You will know it is working when a post results in a pull request on your blog’s repository like this one. Merging it will add the comment to your blog’s _data
directory, and the next step is to show it in the post’s page.
Again I borrowed a lot from Avglinux’s example, fixing a couple issues with the threaded replies and adjusting to my blog’s style. I also replaced the Liquid strip_html
filter with a custom one that sanitizes it instead, so I can allow some HTML tags alongside the Markdown, while still keep the blog safe from JavaScript injection, cross-site scripting attacks and the like.
This PR contains all the code mentioned above; feel free to peruse and copy any of them; possibly checking the latest versions as this post gets older.
Migrating comments from Disqus to Staticman
With this in place, all that was left to do was to migrate the comments from Disqus.
Disqus allows you to export the comments to an XML file (documented here), but in order to import them anywhere else, a conversion is needed. I found a few recipes (1, 2, 3, 4) online, but none of those worked for me, so I threw together some JavaScript code that does the job:
You can just run it, making the needed adjustments for your staticman.yml
configuration (e.g., if you changed the filename structure or added other fields that you want to import or generate) and put the generated comments
directory under your _data
directory in your blog’s repository, like I did here.
The code documents some of the shenanigans I found (odd terminology, invalid characters, etc.). It’s worth noticing that not every bit of information needed by Staticman is available in the XML, so a few choices were made:
-
I kept the comment
_id
as its original Disqus ID (instead of generating a UUID, which would change the values at each migration run and require an extra lookup for comment replies). Doing so made thereplying_to_uid
field odd, but it will correctly point to the_id
of the comment being replied to, and Staticman is fine with that. -
createdAt
is an ISO 8601 date with seconds precision, which is easy to convert to thedate
Staticman field (which is, by default, a Unix time), but the comment filenames are based on the timestamp in milliseconds. In order to improve uniqueness in the case of same-second comments, I filled the ms using the_id
(once again keeping successive migration runs idempotent). -
My blog uses Gravatar to display user pictures (if they create one on the site; a generated pattern otherwise) based on a hash of their e-mail. Unfortunately, Disqus doesn’t export users’ emails, so instead of leaving it blank (which would give all users the same pattern), I hash the Disqus username, so the same user will always have the same pattern across the site.
Conclusion
As I said before, it took me a while to figure out all these pieces, but I’m happy with how it turned out: I own the comments (which I can keep hosting if I ever switch away from Jekyll), they are indexed by search engines, and I can moderate them in a familiar environment (pull requests).

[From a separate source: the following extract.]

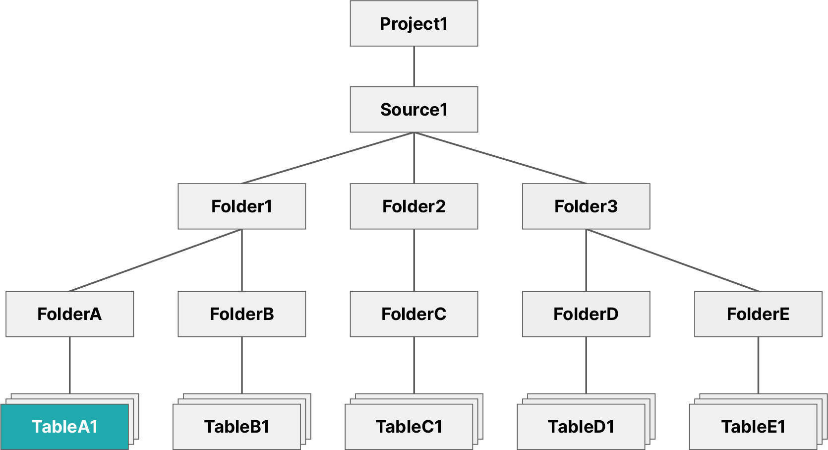 This restricts user1 so that they may only access the TableA1 table, not any other datasets contained in the same folder. However, user1 may still create views based on TableA1.

There is the burden/cost of hosting the server, but I share it with other apps, so it’s effectively free for me. I did not (yet) set up email notifications for replies on users’ comments or a spam filter, but that can be done with Mailgun and Akismet - and those services have generous free tiers.
The only caveat is that Staticman doesn’t seem to be actively maintained, despite its numerous forks/users. That is a sign of maturity, but also makes me wary of yet-undiscovered vulnerabilities. But with its minimal code (and thus attack surface) and Dependabot on my fork warning me about vulnerabilities found in its dependencies, I think it’s worth the risk. Worst come to worse, it can always be replaced by a custom solution, since the comments are not locked in a proprietary system anymore - something I’ll never give up again.